Alors que les généraux français se plaignent d’une déconsidération globale de l’ordre social et parlent de milliers de mort au cours d’interventions militaires à l’intérieur de la France, le corps d’officier planifie furieusement une répression à grande échelle.

Macron fait mine de reconnaître les controverses qui entourent Napoléon en se référant à l’un de ses plus grands crimes, le rétablissement de l’esclavage en 1802, récemment critiqué par plusieurs groupes, y compris des petits-bourgeois rattachés au mouvement Black Lives Matter.

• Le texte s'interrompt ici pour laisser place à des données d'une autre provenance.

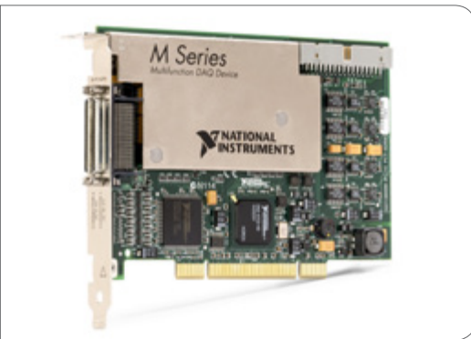
Figure 2. PCI M Series Multifunction DAQ

Napoléon, déclara Macron, «a rétabli l’esclavage que la Convention de 1794 avait aboli. En 1848, avec Victor Schoelcher, la IIe République a réparé cette faute, cette trahison de l’esprit des Lumières.» En même temps, Macron insistait sur sa «la volonté de ne rien céder à ceux qui entendent effacer le passé au motif qu’il ne correspond pas à l’idée qu’ils se font du présent.» Il concluait: «Nulle volonté de dire si Napoléon a concrétisé ou au contraire dévoyé les valeurs révolutionnaires. Je me garderai bien de m’aventurer sur ces terres.».

Dans les 200 ans depuis la mort de Napoléon, les expériences de la classe ouvrière française et internationale ont démontré que non seulement le régime bonapartiste, mais le capitalisme lui-même est incompatible avec la devise «Liberté, Egalité, Fraternité» proclamée en 1789. Sur fond de menaces grandissantes d’un coup par des militaires français, il faut prendre le discours de Macron comme un avertissement. La défense des principes internationaux de «Liberté, Egalité, Fraternité» exige la mobilisation révolutionnaire internationale de la classe ouvrière, luttant pour le socialisme et le pouvoir ouvrier.